Poco antes del atardecer, llegamos al campamento Shira, hogar del páramo. En cuestión de segundos, el cielo se transfiguró. De frente, el imponente monte Meru, y detrás de nuestro campamento, el Kilimanjaro iluminado con sus nieves. El día no terminó allí. Nuestros guías, cocineros y ayudantes, nos congregaron ese atardecer para oficialmente presentarse. Al ritmo de alegres cantos en swahili, el campamento cobró vida, transformándose en una fiesta africana.
Tercer día
Nuestro tercer día lo recuerdo quimérico. Paredes de piedra muy altas parecían cobijarnos entre la neblina de sus picos que agujeraban el cielo. Un reto muy particular consistía en “besar la piedra” al atravesar un diminuto tramo que nos salvaba del precipicio.

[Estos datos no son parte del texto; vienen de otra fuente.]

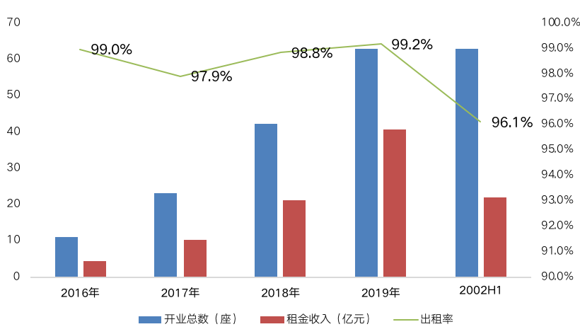 開(kāi)業(yè)及營(yíng)收、出租率情況

Completada esta prueba y al cabo de algunas horas más de camino llegamos a la Torre Lava, con sus 4 mil 600 metros de altura. Una vez recuperamos el aliento y tomamos muchas fotos en el letrero que confirmaba esta hazaña, almorzamos. Con la fiel ayuda de nuestros bastones y el apoyo moral y a veces físico de nuestros guías llegamos con las rodillas flaqueadas a la base del descenso. Allí, busqué impaciente alguna pista que nos llevase a nuestras tiendas de campaña naranjas. Faltaba un tercer tramo que escalar.
En la cima de África
Una vez en nuestro campamento, presenciamos otro atardecer. El cielo se derretía frente a nuestros ojos y el día le daba un beso a la noche. Extenuada, pero feliz, caí en un sueño profundo que disfruté hasta que repentinamente requerí del baño. Un frío bajo cero me paralizó por algunos segundos mientras alistaba mi linterna, preparándome mentalmente para abandonar mi tiendita relativamente cálida. Mientras deambulaba en medio de la oscuridad, me sorprendió la cima del Kilimanjaro con millones de estrellas incrustadas. Apagué mi linterna y disfruté de ese efecto del reflejo de la luna sobre la nieve.

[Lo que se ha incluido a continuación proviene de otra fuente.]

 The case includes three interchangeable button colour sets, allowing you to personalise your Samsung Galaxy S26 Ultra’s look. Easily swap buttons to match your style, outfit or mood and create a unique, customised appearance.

Cada día descubríamos un nuevo rostro del monte. Luego de despertarme en las nubes y empacar mi dosis diaria de aventura nos dejamos cautivar por la mística del desierto alpino. En medio de esa nada y ese todo, el tiempo se nos fugó. Mientras sosteníamos el paso, junto a dos de mis amigas, pasamos de la risa al llanto mientras retratábamos el presente y diseñábamos el futuro. Fue un tramo muy especial nutrido de mucha reflexión, donde tres chicas se confesaron con la montaña.

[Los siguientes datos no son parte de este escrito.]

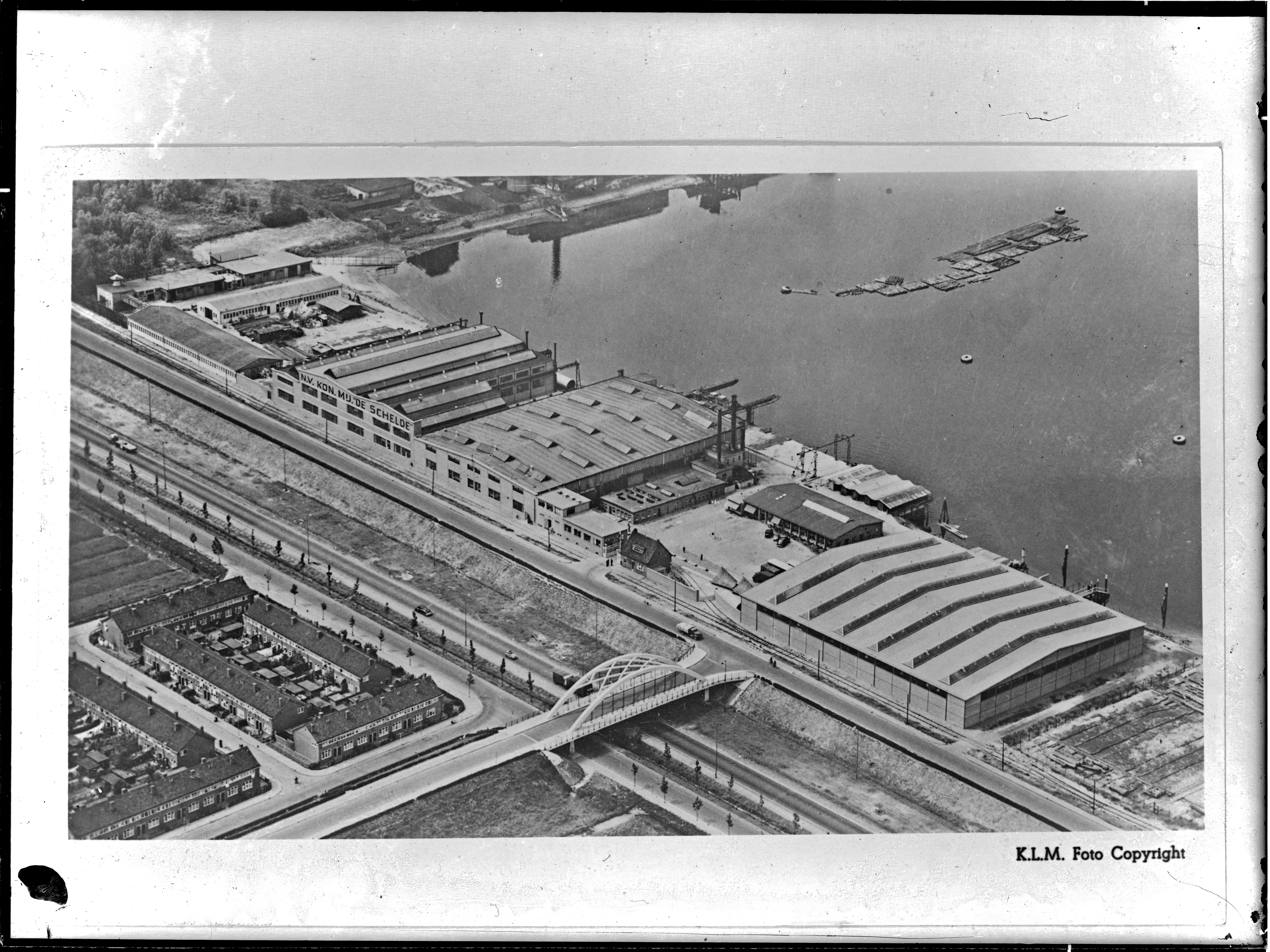 Zie ook 552_405837. Tegenwoordig Mijlweg maar vroeger Kilkade geheten. De KMS was dan ook voorheen aan de Kilkade nummer 11 gevestigd. Hoe en wanneer de naam Kilkade is ontstaan lees je o.a. in de Dordrechtsche Courant van 16-11-1918 waar verslag gedaan wordt van de gemeenteraadsvergadering van 28 juni 1918 en waar agendapunt 8 als volgt werd behandeld : "VIII. Voorstel van Burgemeester en Wethouders d.d. 22 Juni 1918, nr. 236/2F om aan den weg rond de zeehaven den naam te geven van ,‚Kilkade”. De heer Kolkman: Mijnheer de Voorzitter. Vindt U het gewenscht dien weg den naam te geven van Kilkade. Ik heb niets tegen den naam, ik vind het alleen wat kil, o, zoo kil. Is er niet een of anderen historischen naam voor te vinden, in verband met de zeevaart? De Willem Barenzkade of zo iets. De Voorzitter: Burgemeester en wethouders hebben gemeend dien weg een sprekenden naam te moeten geven. De weg loopt tot de Kil. Misschien is er later wel eens gelegenheid om den naam te veranderen. De heer Kolkman: Zou er niet een of anderen historischen naam voor te vinden zijn geweest? 't is zoo kil! De Voorzitter: Ik geef toe dat het een bootje kil is. Het voorstel wordt zonder hoofdelijke stemming goedgekeurd.

El que tengo registrado como el día más largo de mi vida, inició poco antes de la medianoche con un cielo estrellado. Caminé despacio, consciente de mi respiración. Con seis horas de camino por delante, silencié la mente y abrí el corazón, sintiendo la presencia de Dios en cada paso, y la guía de mis seres queridos que ya habían partido. Lloré, recé, conversé largo con Dios, pero sobretodo agradecí. Fue único el instante en que la noche se transformó en día, en unos segundos, y de repente el punto Stella estaba al alcance de mi vista. La felicidad se apoderó de mí. Estaba casi en la cima.
En la cima de África
Recargada de energía y con el corazón latiendo a mil, aceleré el paso y me dejé cautivar por los majestuosos glaciares, guardianes del Kilimanjaro, los cuales parecían castillos de hielo entre las nubes. Una ráfaga helada me recordó que seguía siendo humana. Y mis pies tocaron el Pico Uhuru; estaba a 5 mil 895 metros de altura, en la cima de África.
En siete días aprendí más de lo que he aprendido en años, y aunque muchas de esas lecciones las conocía, la montaña me permitió vivirlas como para que nunca las olvide, y sobre todo, para que nunca la olvide.